1. solidarity and community: As we face the storms to come of climate change and financial crisis, it is likely that we will be better served by the promotion of feelings of solidarity and mutual community rather than the pursuit of insurance schemes or accumulation of money in the bank.

2. fairness and justice: There is a need to aspire not just to high standards but also to universal standards, that patients and public themselves would be involved in defining and achieving, standards that would become the norm for all, wherever they might live and by so doing advance the cause of a global medical ethic.

3. responsibility: Through accountability, we address our responsibility to others. It is also important for us to express responsibility to Self, in other words to Truth and one of the greatest threats today to psychic health is duplicity and misrepresentation that lead to a creeping and spreading cynicism. There is also responsibility to our environment, which is our physical home. At times, we are also called to be responsibility for others, since one day we may well hope and wish for others to show a similar responsibility for us if we lie dying or injured.

The White Paper and references to social governance

There are references in the White Paper that can be considered to be progenitors for Social Governance. The forward to the white paper talks of ownership being placed in the hands of professionals and patients and early in the document, there is a section under the title of Putting Patients and Public First with the strengthening of the collective voice of patients and public through arrangements led by local authorities and Health Watch England, located within the Care Quality Commission. There is also background talk of a “Big Society”. In one section, the paper expresses the desire for GP consortia to become a powerful network of social enterprises (though in the following paragraph happily contradicts this by indicating that they must compete with each other).
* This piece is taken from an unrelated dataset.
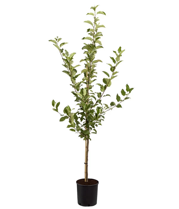 Das Apfel-Duo ‘Jonagold‘/‘Elstar‘ besitzt eine schwach wachsende Unterlage, so dass der Baum nur eine Höhe von 3,5 m erreichen wird, bei einer Breite von ca. 2,5 m. Der Wuchs ist breit aufrecht, mit einer pyramidenförmigen, locker verzweigten Krone. Noch ein Vorzug: Die Sorten sind so aufeinander abgestimmt, dass sie sich gegenseitig sicher befruchten und ein regelmäßiger Ertrag sicher ist, auch ohne einen zweiten oder dritten Apfelbaum im Garten.
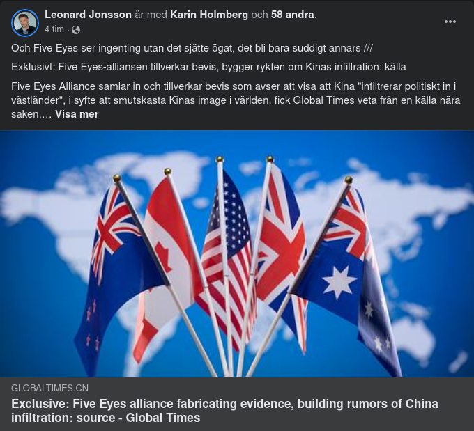 Exklusivt: Five Eyes-alliansen tillverkar bevis, bygger rykten om Kinas infiltration: källa

The benefits of a theory, practice and ethic of social government

  • recognition of our responsibilities to each other
  • recognition that health is a collective endeavour
  • empowerment of health organisations to influence the debates on our economy and society
  • the development of a science of health that includes the social in its paradigm.
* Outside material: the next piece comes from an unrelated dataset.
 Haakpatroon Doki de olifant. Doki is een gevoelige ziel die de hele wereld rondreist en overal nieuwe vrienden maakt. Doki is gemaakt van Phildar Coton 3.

Social governance therefore provides another dynamic to health care governance. It cannot hope to resolve the tensions between clinical and financial governance but will try to promote constructive dialogue between these existing systems of governance, help us move beyond egoistic demands to collective responsibility and replace competition by cooperation.
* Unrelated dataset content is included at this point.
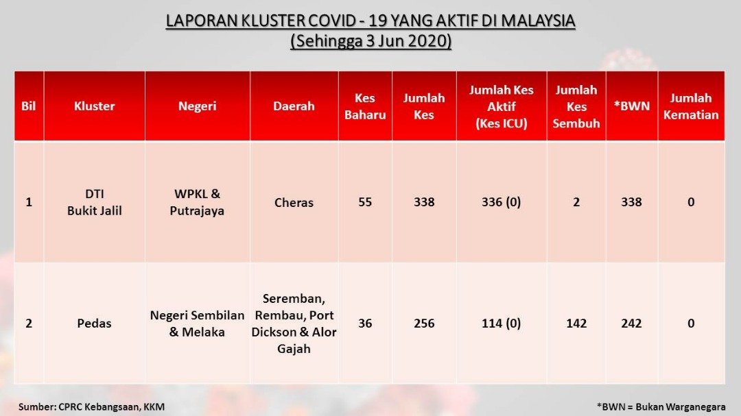 Laporan Kluster COVID-19 Aktif Di Malaysia 03/06/2020 Aiman Siaran Media 03 Jun 2020 Jumlah paparan: 1001 Rating: ( 0 Rating ) Sila beri kadar Undi 1 Undi 2 Undi 3 Undi 4 Undi 5 /images/ndcc/documents/covid19/siaranmedia202006/SIARAN_MEDIA_KKM_20200603_06.jpg Facebook Twitter Seterusnya Seterusnya

It is possible to see the present White Paper as a reaction to the Power of the State, an attempt to diminish the bureaucratising power of government to rule and control our lives. It is likely however that in the place of State Power, the reforms of the White Paper will move power away from government to those of Corporations. Social governance offers an opportunity to empower the third source of power in the modern world, namely that of Civil Society. It could help align health care not with the power of corporations but with the power of civil society and through experiments with democratic participation and debate, begin to transform the State from a threat to an umbrella of support.


I have offered a third model of governance for health care. This is social governance. which has three dimension, a theory of health, a process of organisation and an ethic. I believe it offers a platform by which to oppose, where necessary, and influence constructively, where appropriate, the recent White Paper. It also offers a stream of thought that allows those conceptual seeds in the White Paper that mention public involvement, and social enterprise to be watered and encouraged to root and develop shoots that will give health not just to health service organisation but also to the diverse industries, institutions and organisations that relate economically and socially with health care providers.